Covering Your Bases: The Legal Liability of Reopening
What has shaken the global community to its core, most prominently, is the rising death toll caused by COVID-19. However, the impacts of the global pandemic extend far beyond just the emergency medical and healthcare industries. It's radically changed the workplace environment, caused more than 30 million people to file for unemployment benefits, and rattled the service industry (airlines, tourism, retail, etc.). Naturally, with a situation as unprecedented as the corona virus, the unpredictability has trigged a series of of lawsuits from the individual to the federal level and litigation directly related to COVID-19 is expected to continue for the new few years, at least.
One could postulate that, because of the quarantine mandates (that are necessary and have helped many countries control the spread of the virus), this particular crisis has drastically changed our day-to-day. With companies furloughing, cutting costs and even closing permanently, the economy has taken a major hit — reflected in both climbing unemployment rates and the tumultuous state of the market. Social distance regulations keep community members away from their places of worship, children out of schools and summer camps, and restaurants, stores and theaters virtually empty. This level of disruption is bound to cause fissures in professional and legal relationships over issues of quotidian nature, such as cancellation fees and price changes — not to mention the more serious issues of health and life insurance, severance pay, and wrongful death.
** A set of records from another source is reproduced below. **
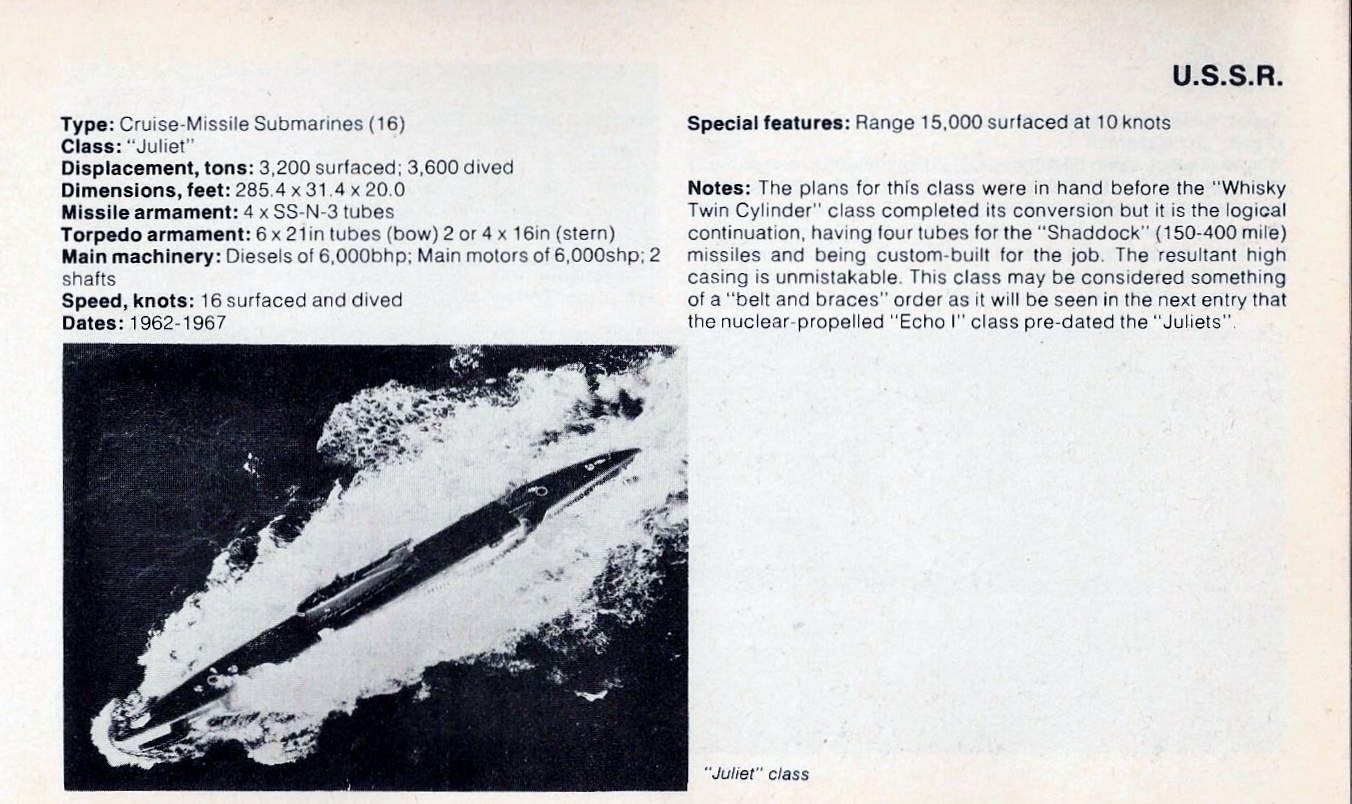 The Soviet Navy developed cruise missile submarines in the 1950s for strategic attack and as part of a strategy to counter U.S. aircraft carriers. Initially, existing submarines were converted to fire the long- range SS-N-3 missile. Then, newer submarines designed to carry the SS-N-3 joined the Soviet fleet, the diesel-powered JULIETT class and the nuclear- powered ECHO I and II classes.
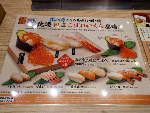 Read moreやっぱりお寿司屋さんはカウンターに限りますね。主人と一緒にカウンターに二人並んで着席させていただきましたが、目の前でテキパキと調理しておられたのは、店長さんとおぼしき寡黙な板さんで、私達の会話の中の寿司ネタについての疑問をさりげなく汲み取って、オススメのネタを提案してくださったり……回転寿司にいる感じがしませんでした。肝心のネタのほうは、おそらく鮮度が良いからでしょうが、歯応えは十分ですが、味は濃厚ではないな……と主人。これについては好き好きですね。私は十分美味しかったですが、いつも「食べ物と◯は腐りかけが美味い」と言ってる主人には、物足りなかったようです。 接客も爽やかでさりげなかったので、気兼ねなく楽しく食事を楽しめました。またこちら方面に来た時は、利用...
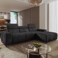 Narożnik z funkcją spania Castel grafitowy prawostronny komfortowy i stylowy narożnik rozkładany z pojemnikiem na pościel
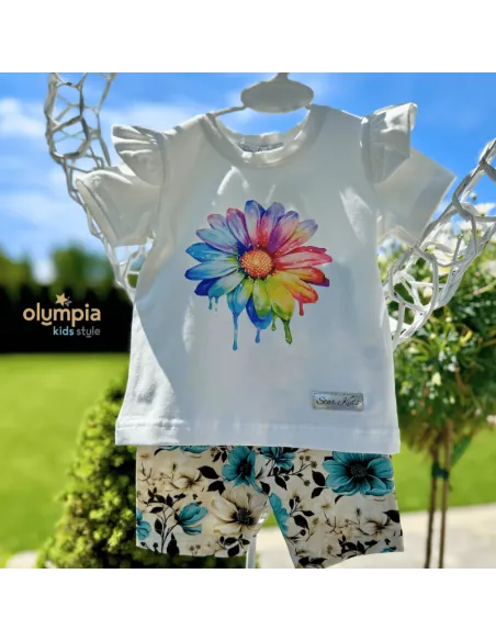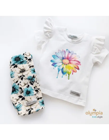 Piękny zestaw dla małych księżniczek - bluzka z kolarkami! Ta niezwykle urocza, radosna kreacja jest doskonała dla każdej małej modnisi. Bluzka o lekkim kroju zdobi kolorowy kwiat , który wyczaruje uśmiech na każdej twarzy.

The following is a list, assembled and updated by The National Law Review, of industries and affiliated complications that have seen an increase in filed cases as a result of COVID-19. These cases were made on the basis of (including, but not limited to) data privacy, resource accessibility, unexpected financial inability, unpredicted and uncompensated layoffs, course cancellations without tuition reduction or student visa protection, deposit returns and future services, contract breaches, lack of personal protective equipment and over all gross negligence:
1. CARES Act Payroll Protection Program
2. Banking & Debt Relief
5. Travel Cancellation
6. Event Cancellation & Service Disruption
7. Memberships, Services, and Subscriptions
8. Government & Civil Rights
9. Prisoner and Detainee Release
10. State and Federal Executive Orders and Government Actions
11. Foreign Government and NGO Actions
12. Healthcare Providers and Nursing Facilities
14. Privacy and Cybersecurity
15. Product Pricing, Marketing & Labeling
16. Shareholder and Securities Litigation
17. Transmission and Exacerbation of COVID-19
18. Website, Digital, and Physical Accessibility
The severity and complexity of legal action, particularly in such an uncertain time, is something that businesses want to avoid at all costs. Some businesses are trying to weaken and side step laws that protect workers and consumers while others are getting caught in legal proceedings because they just weren't prepared and informed enough in their decision making the past 6 months. Thus, legal liability should be a top priority for companies hoping to operate, let alone prosper, in the "new normal."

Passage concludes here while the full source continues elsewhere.